EXERCISE
Give the data again exactly, without its images.

SUPPLIED RECORDS
[Start of Attachment]

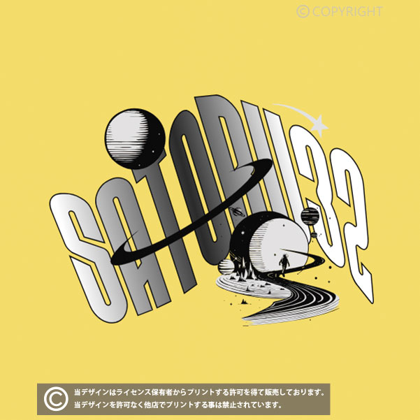 白黒ロゴと惑星のデザインが目立つクラスTシャツ向けのデザイン。SATORU32の部分を〇〇CLASS 〇〇HRにしたり、色も自由に変更が可能です。
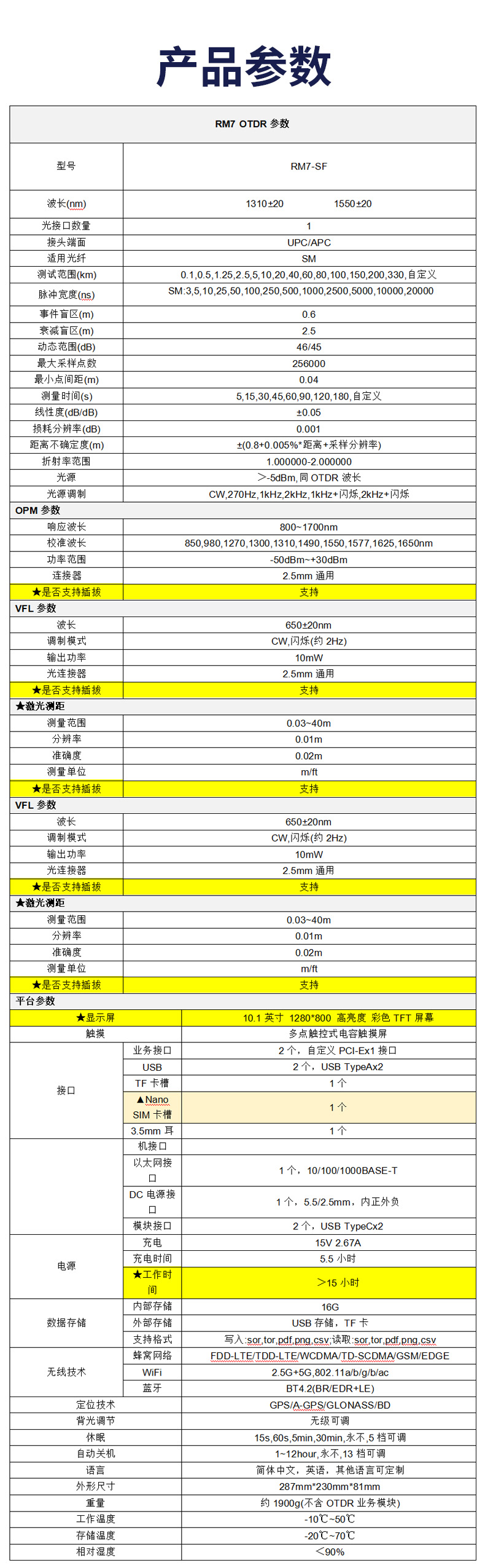 OTDR测试、光功率测试、两种观测模式、测距功能、时间地图分析、端面检测。
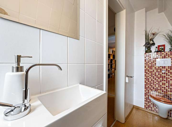 Modern ausgestatteter Duschbereich mit WC im Erdgeschoss
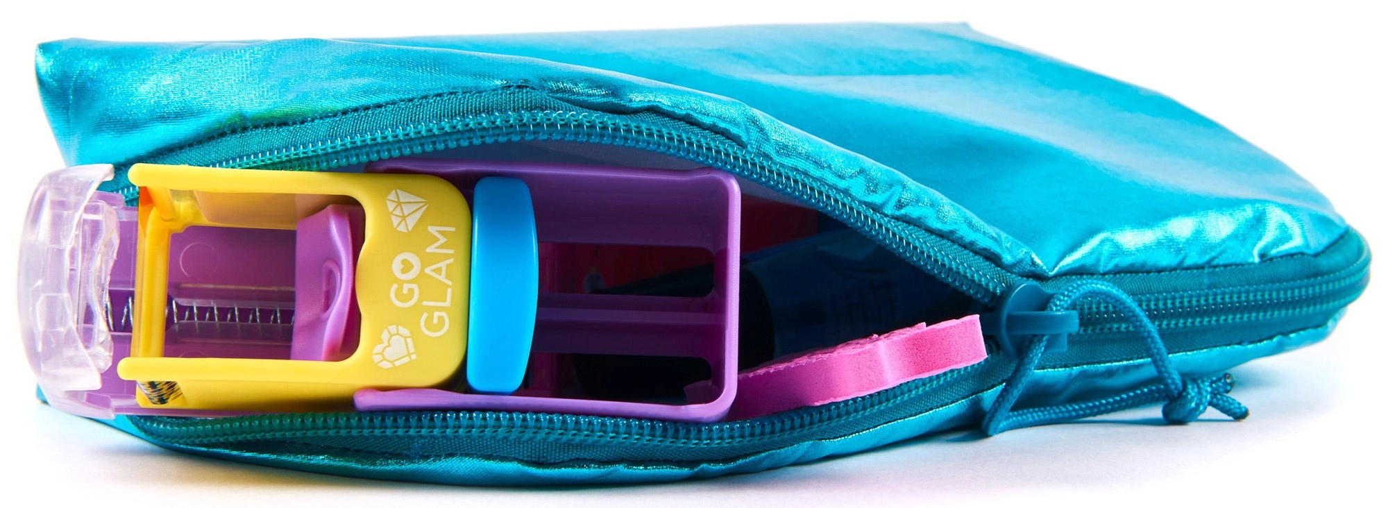Die glitzernde Reißverschlusstasche hält Lacke, Kassetten und den Stempel zusammen. Ideal zum Transport und zur sicheren Aufbewahrung des gesamten Sets.
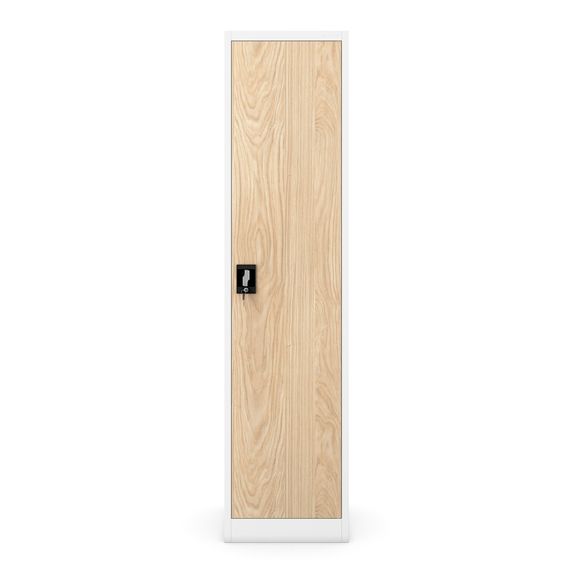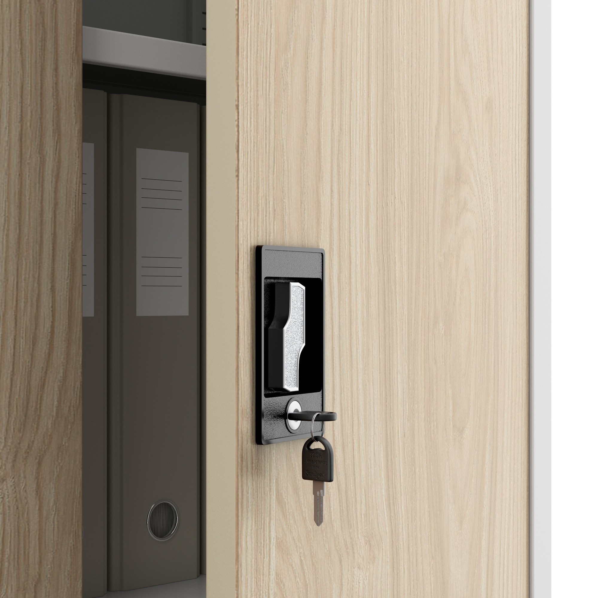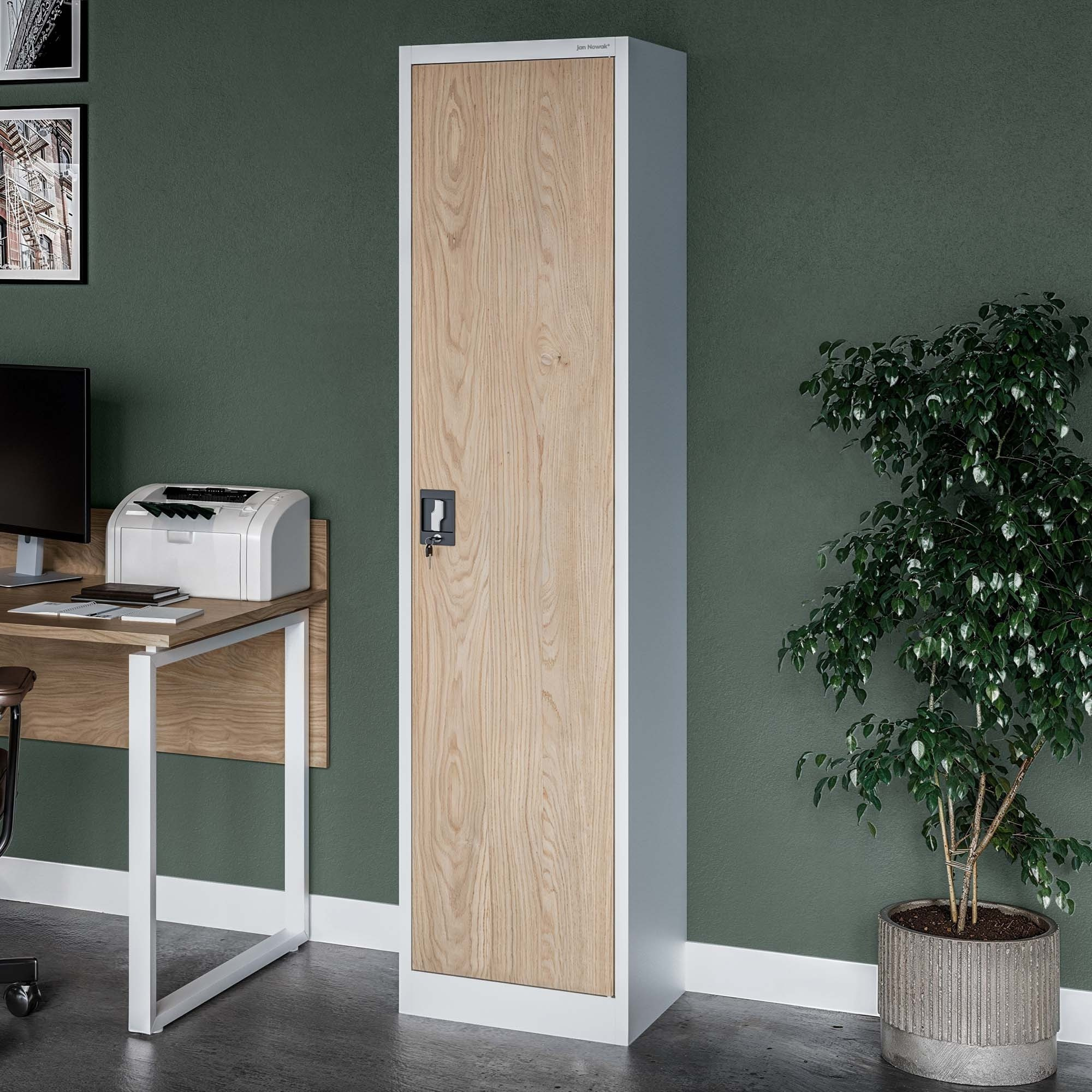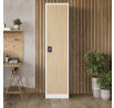 Kancelářská kovová skříň ALEX, 450 x 1850 x 400 mm, Eco Design: bílá/ dub sonoma
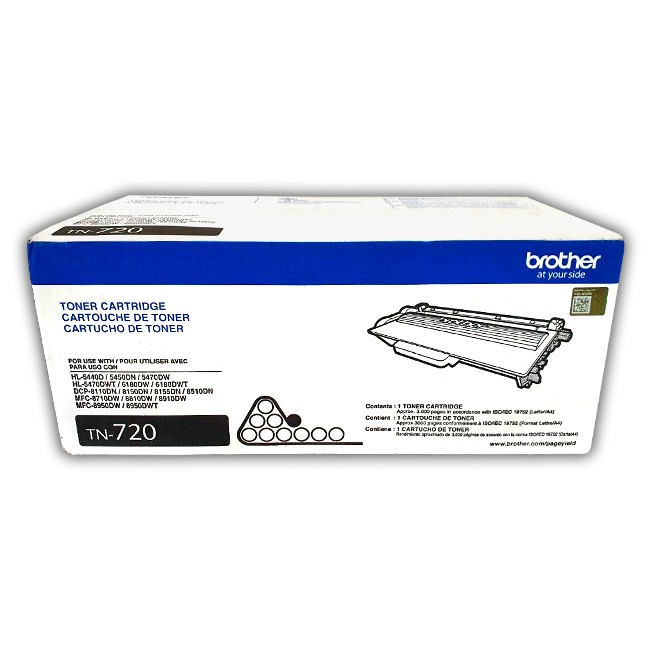 Cartucho de Toner Brother TN-720 original de color Negro con rendimiento de 3.000 páginas de impresión.
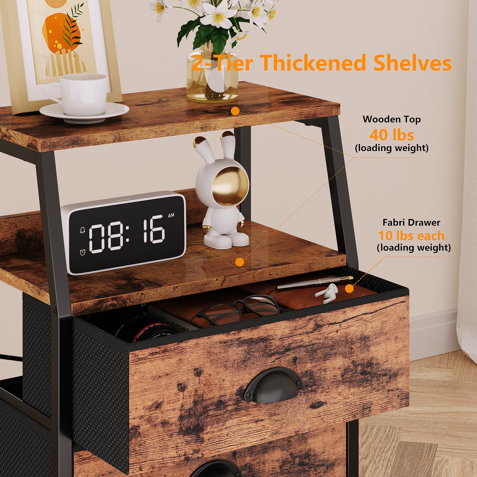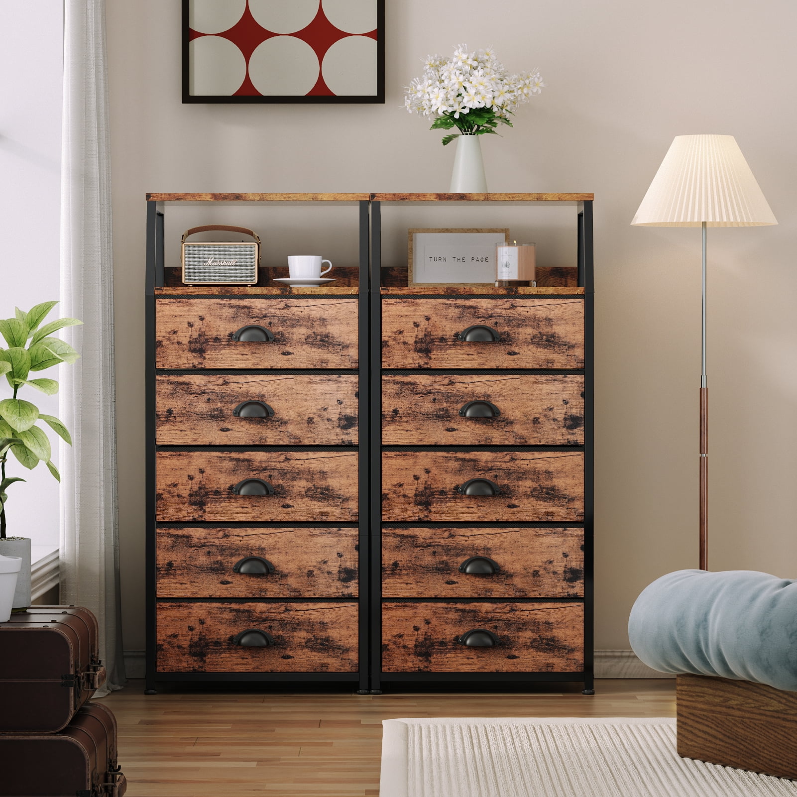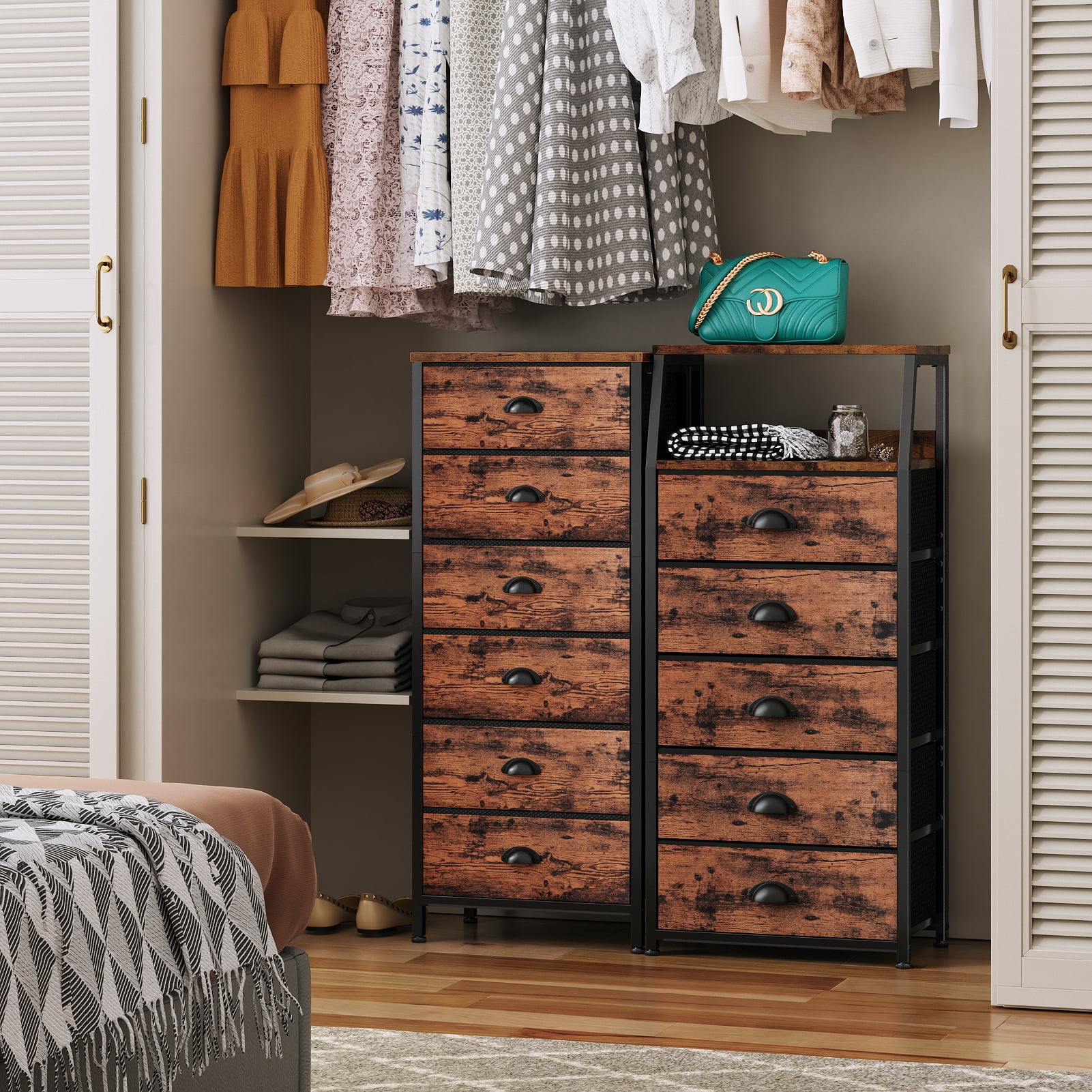 Anti Tip Kit: Friendly to kids or young ones. Fixing the dresser on the wall with the anti-tip kit can provide a safe environment for your family Adjustable Feet: The storage dresser is equiped with 4 adjustable feet which can help to adjust the height of the dresser if your ground is uneven Multi-scene Application: This dresser is designed in a rustic industrial style, which is classic and functional, making it suitable for any room Sturdy Structure: The chest of drawer is made with sturdy metal frame, which offers high strength support and ensure years of use. Anti-toppling device is provided to prevent it from falling down Shelf with Back Board: The second shelf of the dresser has an additional back board to ensure that it is more stable and can effectively prevent small items from falling Durable Storage Drawer: Features foldable storage drawers. Each fabric drawer (NOT WOOD) offers large storage space, perfect for organizing clothes, toys, socks, underwear, scarves, blankets and other accessories. The drawers are made of linen fabric, lightweight and durable, and won’t pinch hands, also safe for child to use Double Display Shelf: Specially designed with the double-layer shelf. The wooden top is solid and wear-resistant. It can display vases, photo frames, lamps, decorations, etc. Easy to Assemble: The package includes all the tools and accessories, you can install it in 20 minutes with the instruction. The wood dresser is slim and light, and does not take up much space. Perfect Gift for a housewarming or your family and friends

[End of Attachment]

ANSWER SECTION
 白黒ロゴと惑星のデザインが目立つクラスTシャツ向けのデザイン。SATORU32の部分を〇〇CLASS 〇〇HRにしたり、色も自由に変更が可能です。
 OTDR测试、光功率测试、两种观测模式、测距功能、时间地图分析、端面检测。
 Modern ausgestatteter Duschbereich mit WC im Erdgeschoss
Die glitzernde Reißverschlusstasche hält Lacke, Kassetten und den Stempel zusammen. Ideal zum Transport und zur sicheren Aufbewahrung des gesamten Sets.
 Kancelářská kovová skříň ALEX, 450 x 1850 x 400 mm, Eco Design: bílá/ dub sonoma
 Cartucho de Toner Brother TN-720 original de color Negro con rendimiento de 3.000 páginas de impresión.
 Anti Tip Kit: Friendly to kids or young ones. Fixing the dresser on the wall with the anti-tip kit can provide a safe environment for your family Adjustable Feet: The storage dresser is equiped with 4 adjustable feet which can help to adjust the height of the dresser if your ground is uneven Multi-scene Application: This dresser is designed in a rustic industrial style, which is classic and functional, making it suitable for any room Sturdy Structure: The chest of drawer is made with sturdy metal frame, which offers high strength support and ensure years of use. Anti-toppling device is provided to prevent it from falling down Shelf with Back Board: The second shelf of the dresser has an additional back board to ensure that it is more stable and can effectively prevent small items from falling Durable Storage Drawer: Features foldable storage drawers. Each fabric drawer (NOT WOOD) offers large storage space, perfect for organizing clothes, toys, socks, underwear, scarves, blankets and other accessories. The drawers are made of linen fabric, lightweight and durable, and won’t pinch hands, also safe for child to use Double Display Shelf: Specially designed with the double-layer shelf. The wooden top is solid and wear-resistant. It can display vases, photo frames, lamps, decorations, etc. Easy to Assemble: The package includes all the tools and accessories, you can install it in 20 minutes with the instruction. The wood dresser is slim and light, and does not take up much space. Perfect Gift for a housewarming or your family and friends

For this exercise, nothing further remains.